Item 14. The method for producing an electron source according to Item 1. 7. The method according to claim 6, further comprising, after the activation step, a stabilization step of further evacuating the inside of the container accommodating the substrate. 8. The method for manufacturing an electron source according to claim 1, wherein said electron-emitting devices are connected in a ladder shape. 9. The method according to claim 1, wherein the electron-emitting devices are connected in a matrix. 10. An apparatus for manufacturing an electron source, wherein a plurality of electron-emitting devices each having a conductive film having an electron-emitting portion between electrodes are arranged on a substrate, wherein the conductive material is arranged on the substrate. Detecting means for detecting the resistance of each of the conductive films, and a minimum value (Rmi) of the resistance value detected by the detecting means.
n) and voltage determining means for determining a minimum voltage (Vmin) and a maximum voltage (Vmax) to be applied according to the maximum value (Rmax); and And a forming means for applying a voltage to each of the conductive films by increasing a voltage to form an electron emission portion in the conductive film. 11. The apparatus according to claim 10, wherein the voltage determination means obtains the maximum voltage (Vmax) by Vmin√ (Rmax / Rmin). 12. The apparatus according to claim 10, wherein the forming unit increases the applied voltage from the minimum voltage by a predetermined amount and applies the voltage to the maximum voltage. 13. The apparatus according to claim 10, wherein the forming unit applies a triangular wave or a rectangular wave pulse voltage. 14. The forming method according to claim 10, wherein the forming unit executes the forming by housing the substrate in an atmosphere that promotes reduction or aggregation of the conductive film.

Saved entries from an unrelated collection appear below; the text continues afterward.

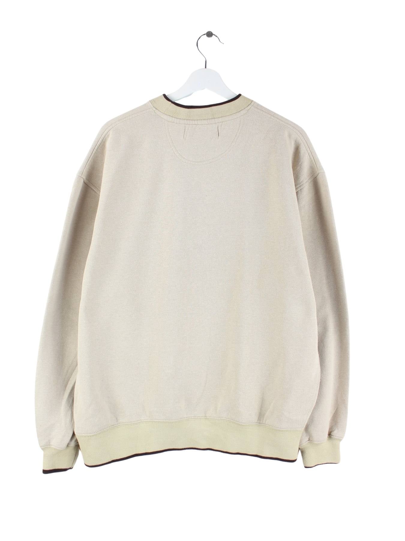 Beigefarbener Vintage Sweater mit gesticktem Logo aus den 90'ern in Größe L. Er ist aus einer Baumwollmischung produziert und in sehr gutem Zustand zu haben.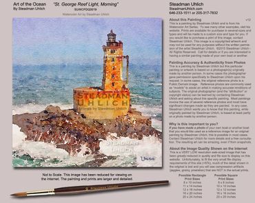 Lighthouses are one of my favorite things to see when near the ocean. I have visited several around the USA, including climbing to the top when possible. I have studied their history, construction, and design. I have depended on them when sailing offshore, when nearing a dangerous headland or reef. As a sailor, I have great need of them and respect for them. I love them as a painting subject too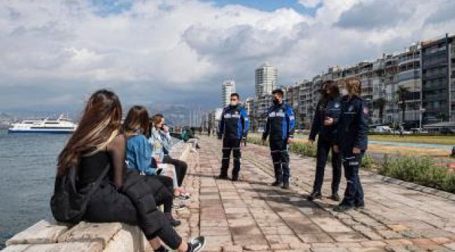 Zabıta Amiri Vedat Ayyıldız, İzmir Büyükşehir Belediyesi Zabıta Dairesi Başkanlığı'nın yetkili olduğu sahil, cadde, meydan, bulvarlarda sosyal mesafenin korunması, maske takılması, hijyen kuralları ile ilgili çalışmaların sürekli yapıldığını ancak kontrollü normalleşmeyle birlikte bu denetimlerin artırıldığını söyledi. Zabıta Dairesi Başkanlığı'na bağlı Denetim Şube Müdürlüğü ekiplerinin sokaklarda sosyal mesafeye uyulması konusunda anonslar yaptığını belirten Vedat Ayyıldız, Çevre İmar Şube Müdürlüğü ekiplerinin ise otogar ve alışveriş merkezlerinde sosyal mesafenin korunması için çalışma yürüttüklerini ifade etti. İzmir'de yaşayan yurttaşların, kurallara karşı duyarlı olduğunu vurgulayan Ayyıldız, “Kurallara uyan ve bize yardımcı olan yurttaşlara teşekkür ediyoruz” dedi.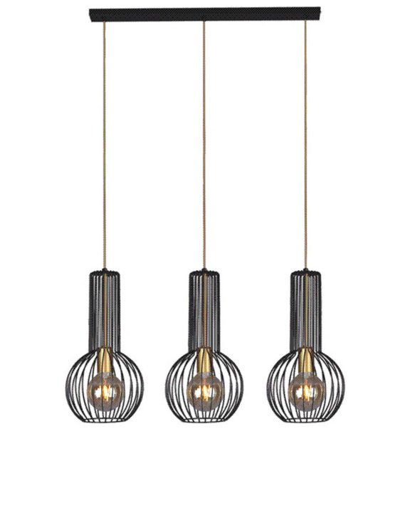 Trzy ażurowe klosze umieszczone na kablach w złotym kolorze pięknie eksponują umieszczone wewnątrz żarówki.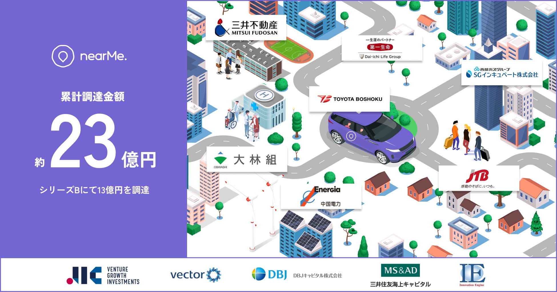 独自のAIを活用し「シェアによって、お得でスムーズ」な移動体験を提供する“スマートシャトル®”を展開する株式会社NearMe(本社:東京都中央区、代表取締役社長:髙原幸一郎、以下:ニアミー)は、第一生命保険株式会社、株式会社大林組、三井不動産株式会社などを引受先とした第三者割当増資および、株式会社日本政策金融公庫からの借入により、シリーズBセカンドクローズにて総額約7億円の資金調達を実施し、シリーズBラウンドとしては約13億円を資金調達しました。なお、これまでの累計調達額は約23億円になります。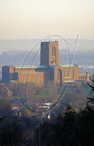 Guildford Cathedral seen from the North Downs in Guildford Surrey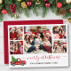 Calligraphy Merry Christmas Red Truck 5 Photo Holiday Card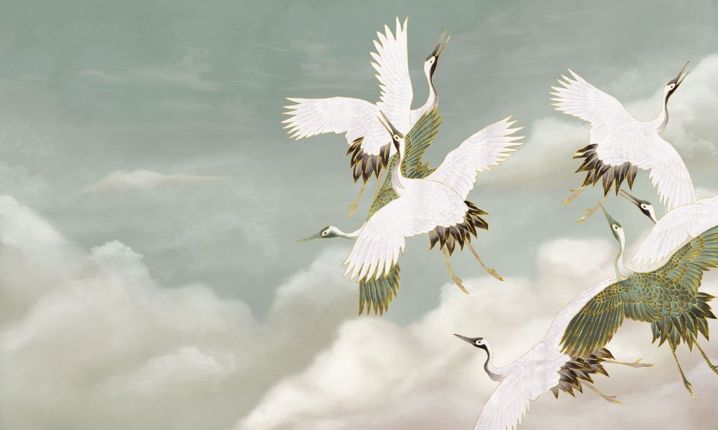 Sage Tsuru, to nowa wersja kolorystyczna popularnych Żurawi, które dostępne są już w kilku różnych odcieniach. Delikatny wzór w kolorach kremu i szałwii, w połączeniu z majestatycznymi ptakami, w odcieniach złota, nada każdemu wnętrzu przytulności, ale i elegancji. Wzór w kolekcji Nature, inspirowany sztuką. Tsuru - w tradycji japońskiej jest symbolem szczęścia i długowieczności, ale również według niektórych źródeł honoru i lojalności.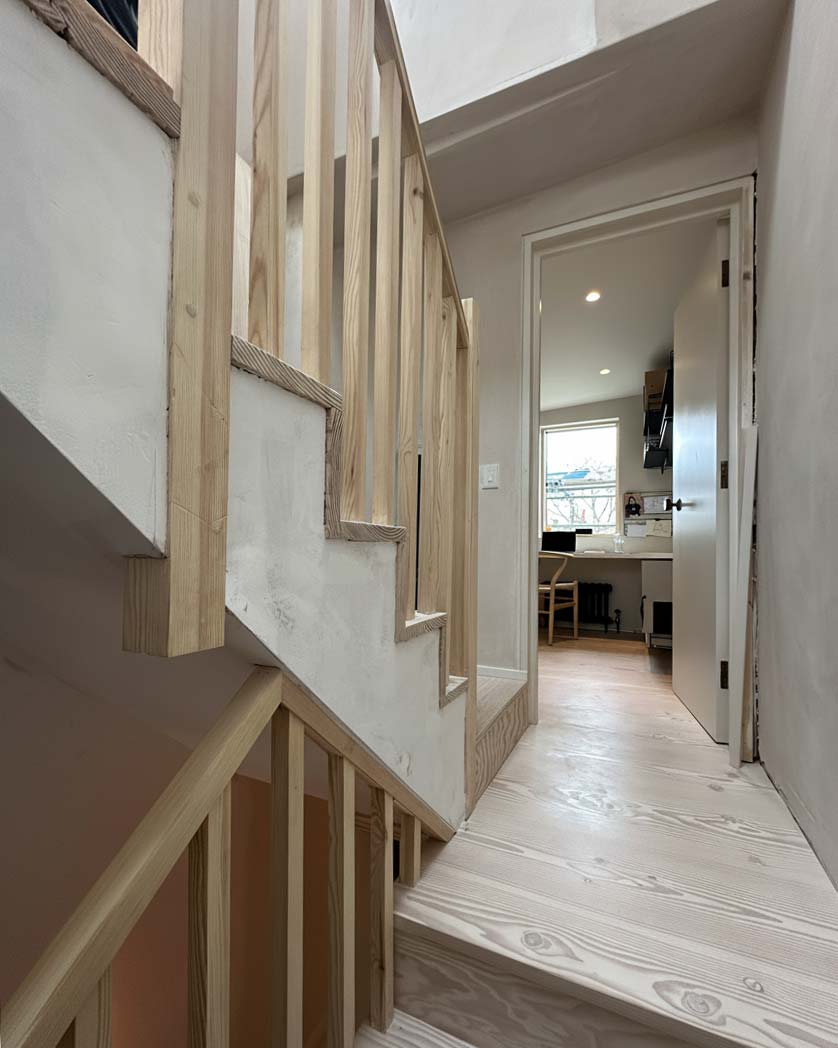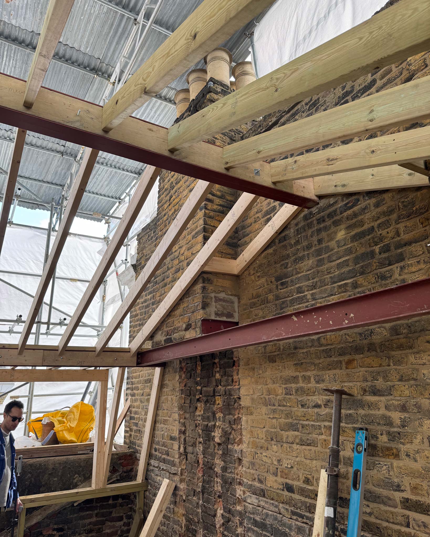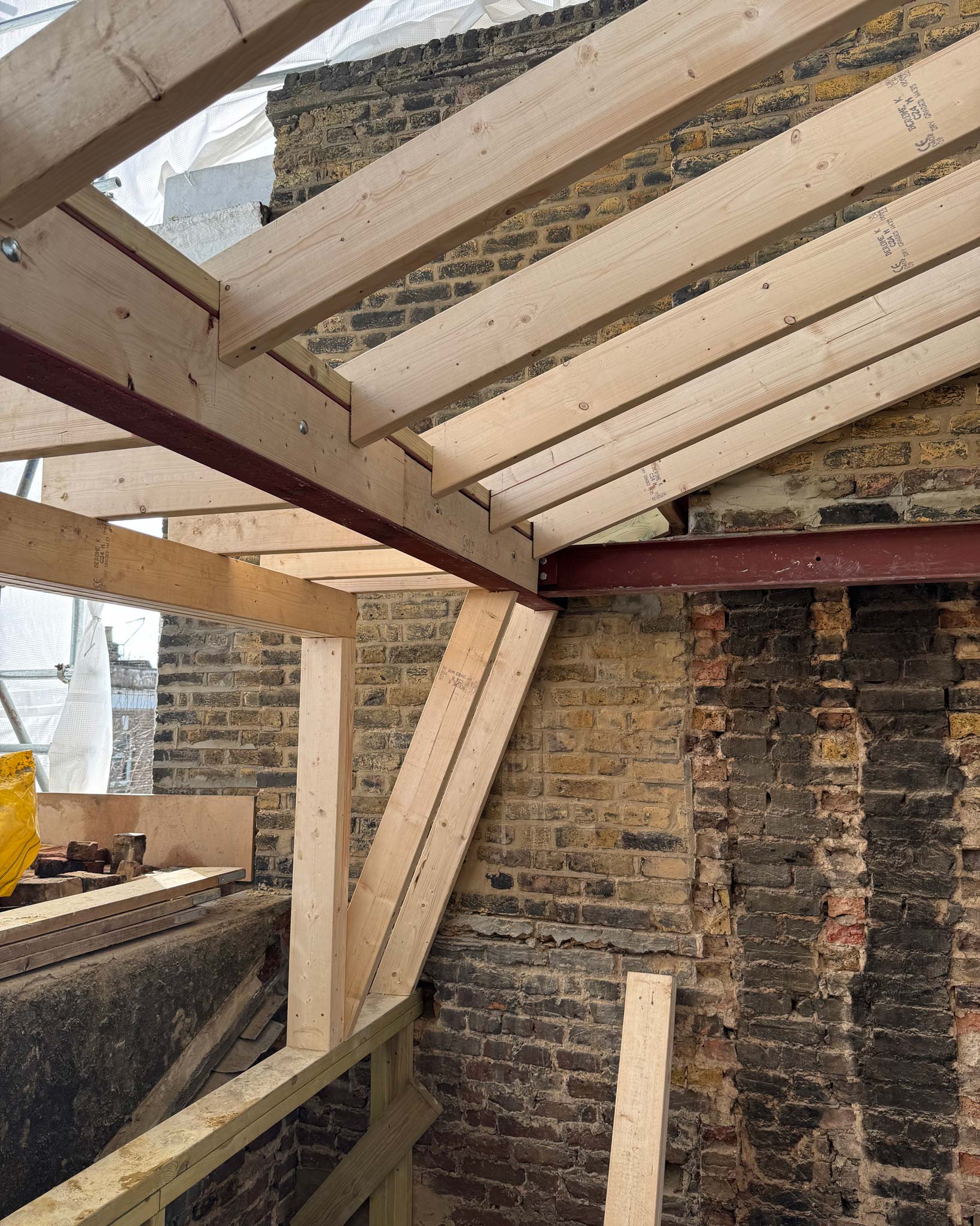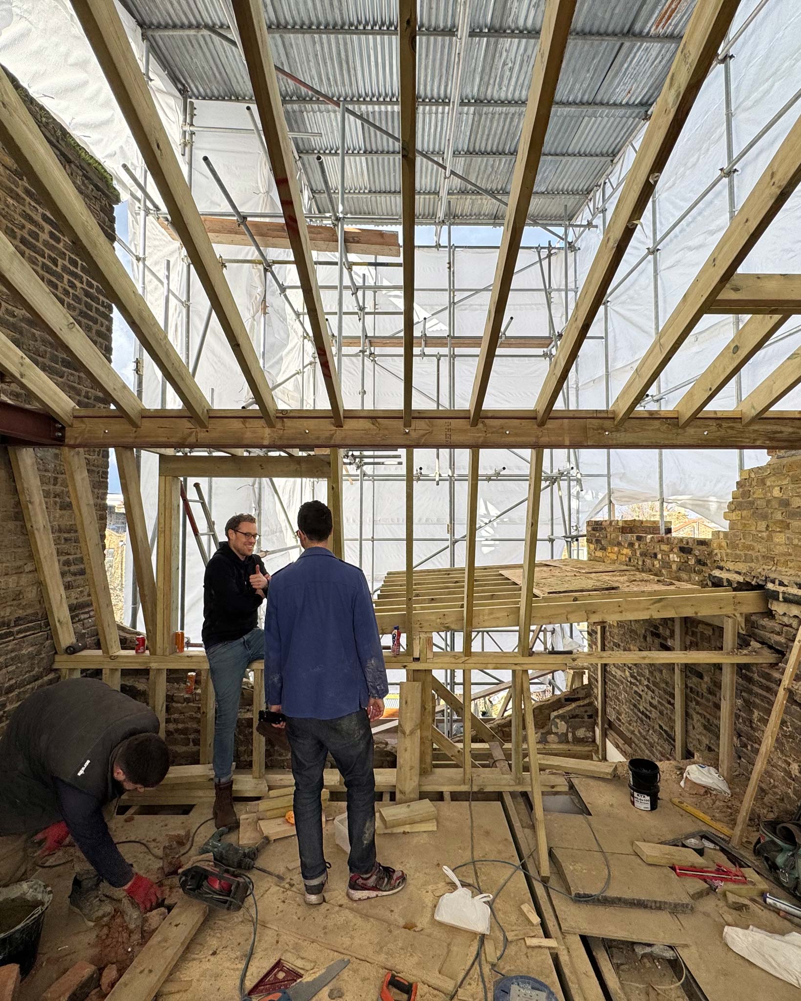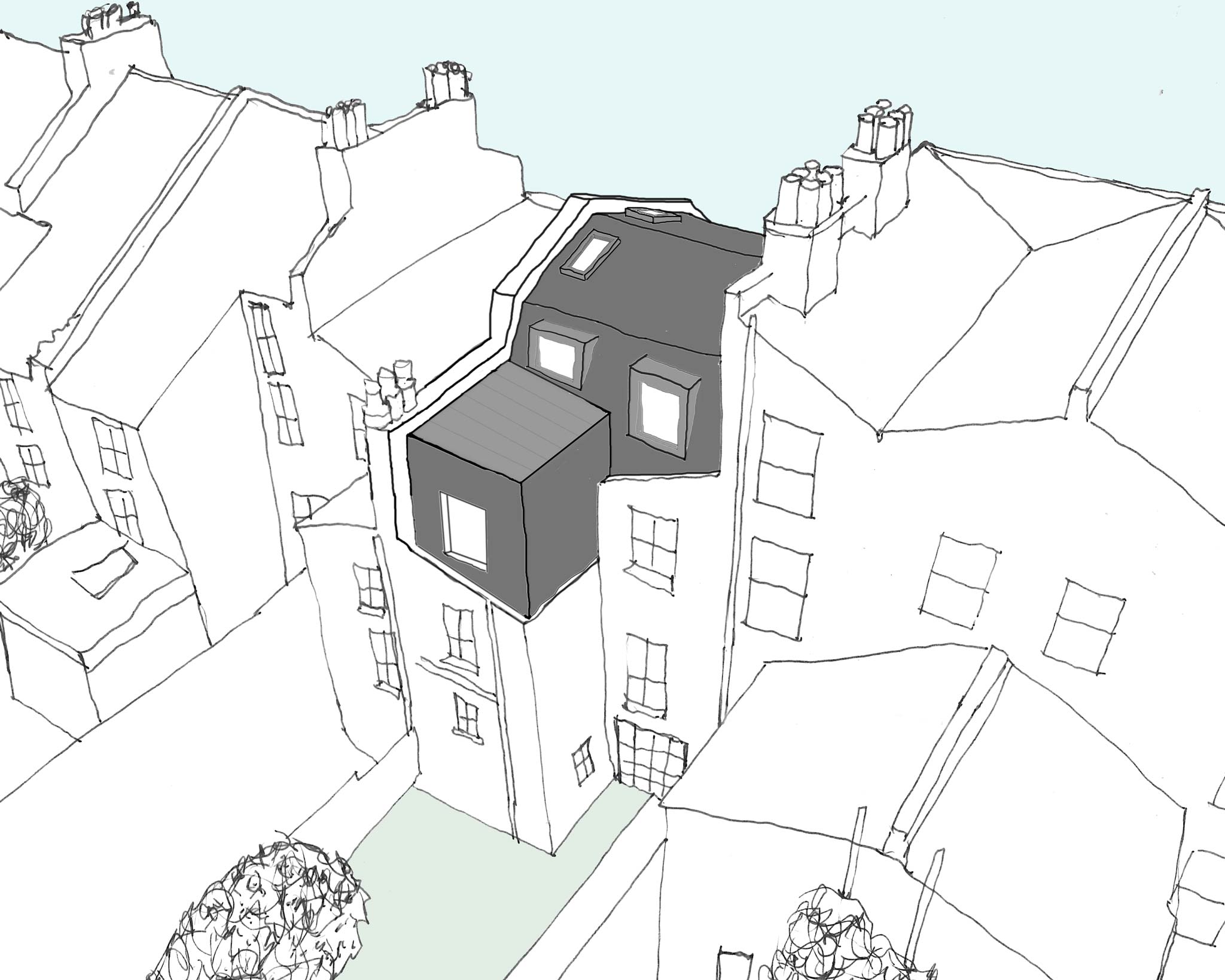 A tall mansard roof extension and rear outrigger extension in Hackney.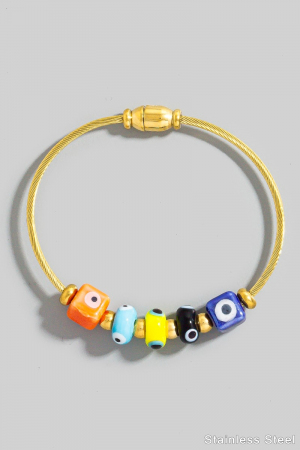 Stainless Steel Cord Assorted Evil Eye Blocks Bracelet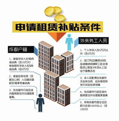 據(jù)了解,成都市戶籍居民申請租賃補貼,須同時符合以下條件:1、家庭年收入在10萬元以內(nèi)(含10萬元)、單身居民年收入在5萬元以內(nèi)(含5萬元);2、主申請人具有成都市戶籍;3、家庭自有住房(含租住公房)人均建筑面積在16平方米以內(nèi),且未享受其他方式的住房保障;4、在成都市行政區(qū)域內(nèi)租房居住并辦理租賃備案。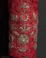 - Kofta stickad av rött tunt silkegarn, tillverkad under 1600-talet. Mönsterstickad med räta och aviga maskor i ett mönster med åttbladiga stjärnor inom ett diagonalt rutgaller. Vid ärmsluten och nederkanten en bård av fyrkanter, nederkanten har dessutom uddar. På insidan sitter sitter nockor liknande en ryalugg, troligen ska de öka plaggets förmåga att värma. Halsöppningen och en bit ned längs mittöppningen är kantad med siden. Knytbanden framtill är mycket hela för att vara samtida med plagget i övrigt, så de kan vara senare. Dessutom har koftan broderats med metalltråd i stiliserade växtmönster vid ärmsluten längs nacken och på bröstet. Delar av metallbroderiet är gjort över stoppning för att ge en relieff effekt. Observera sömmarna på framstyckena som skarvar materialet tvärs igenom broderiet längs en tänkt V-ringning. Det ser ut som någon vid ett tillfälle tänkt sy om koftan och ge den en större ringning men sedan ångrat sig och sytt fast delarna igen.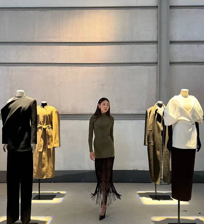카키색 니트 원피스와 프린지 디테일이 돋보이는 블랙 스커트를 조합해 세련된 미니멀리즘을 선보였다. 몸에 꼭 맞는 실루엣과 독특한 텍스처가 조화를 이루며, 전시 공간의 모던한 분위기와 자연스럽게 어우러진다.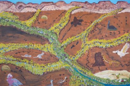 My grandparents grew up and worked for the stations; Millstream, Kangagie, Tambery, Mount Florance, Mulgu Downs. This painting is of the Fortescue River from where the Rainbow Serpant lives now. Millstream goes up toward and alongside of ranges and other mobs in the Pilbara use this river for guidance and travelling through the Country. All the other rivers that feed into the Fortescue are used for hunting, gathering and teaching while people travel up and downs station to station. The animals in the painting represent and connect us. Sometimes animals communicate somebody coming, good or bad luck or if you’re welcome or not. We also use animals for medicine such as the Emu and Goanna for oil. Animals are also interwoven to our songline. Each of these animals have connection to us and our Lore Country.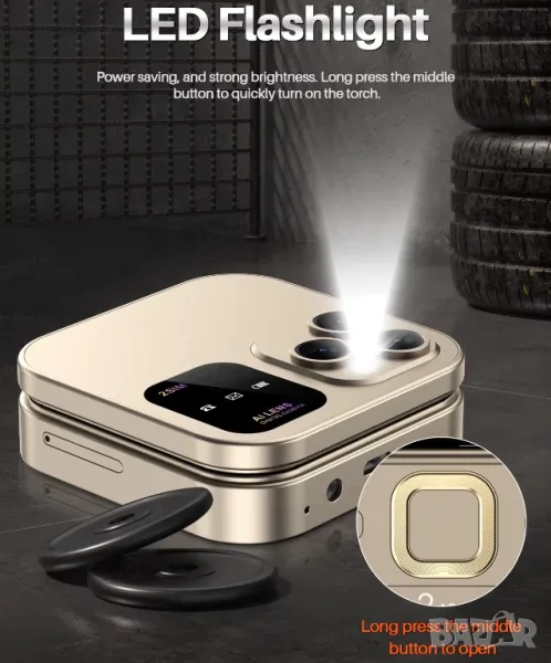 - LED фенерче: Енергоспестяващо със силна яркост. Натиснете дълго средния бутон, за да включите бързо фенерчето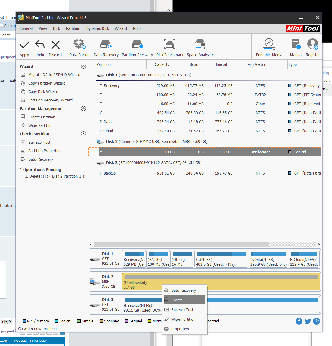 ted na to volne misto zas kliknes pravy a das zvolit create, zvolis si pismeno (drive letter) nebo nech tak a jako label dej jmeno, co chces, treba extdisk.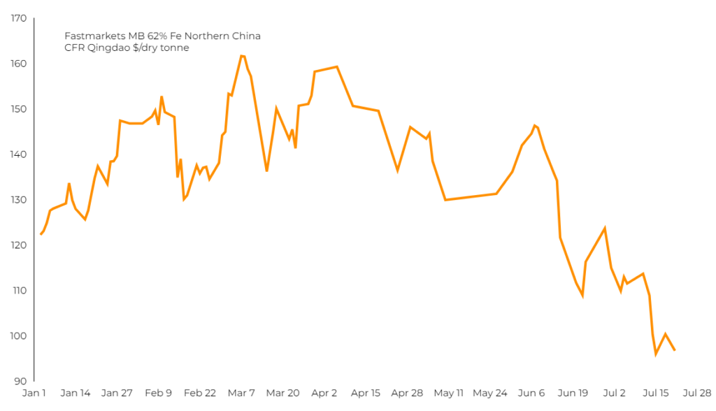 Iron ore price back below $100 on clouded China demand outlook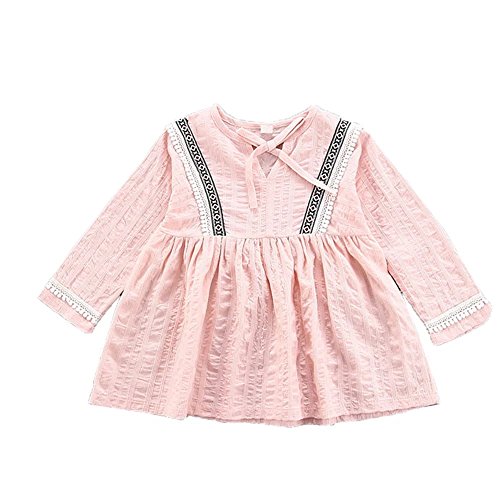 Pojour 春 0-7歳キッズスカート 女の子ドレス 通気 綿 可愛いワンピース ピンク(80cm)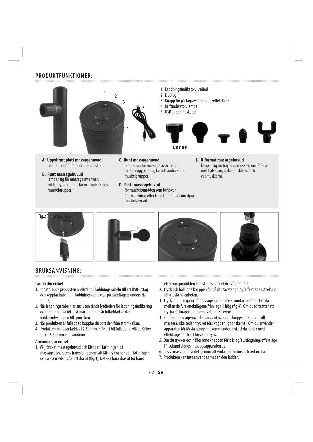 A B C D E62 I SV Hur man använder det uppvärmda platta massagehuvudet Det uppvärmda platta massagehuvudet värms upp på bara 15 sekunder, perfekt för att lindra ömma muskler.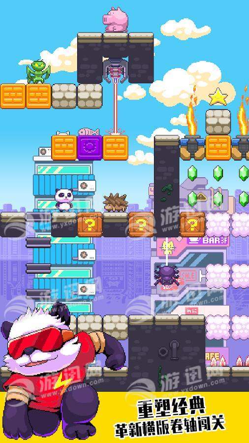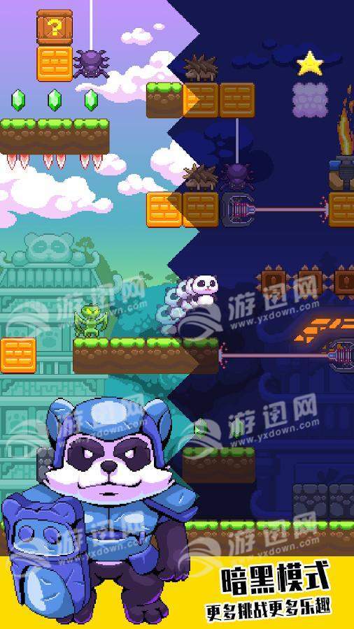 超级熊猫侠(PandaPower)是一款以熊猫为主角的像素风横版闯关游戏,游戏延续了经典的横版卷轴挑战模式,玩家需要点击屏幕来控制熊猫侠,不断跳跃和移动,探索充满异域风格的关卡地图,迎接更加具有挑战性的暗黑模式,快来下载试试吧!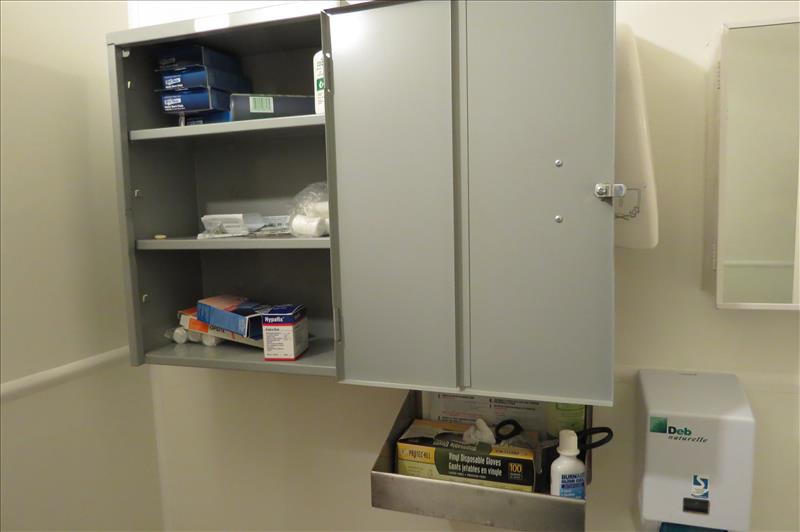 Contents of Infirmiry, cot with bedding and drawers, first aid supplies

An apparatus for manufacturing an electron source according to claim 1. 15. The semiconductor device according to claim 1, further comprising an activating means for applying a predetermined voltage to each of said electron-emitting devices after the forming by said forming means.
15. The apparatus for manufacturing an electron source according to any one of 0 to 14. 16. The electron source according to claim 15, further comprising a stabilizing means for further evacuating the inside of the container accommodating the substrate after the activation processing by the activating means. manufacturing device. 17. The apparatus according to claim 10, wherein the electron-emitting devices are connected in a ladder shape. 18. The apparatus according to claim 10, wherein the electron-emitting devices are connected in a matrix.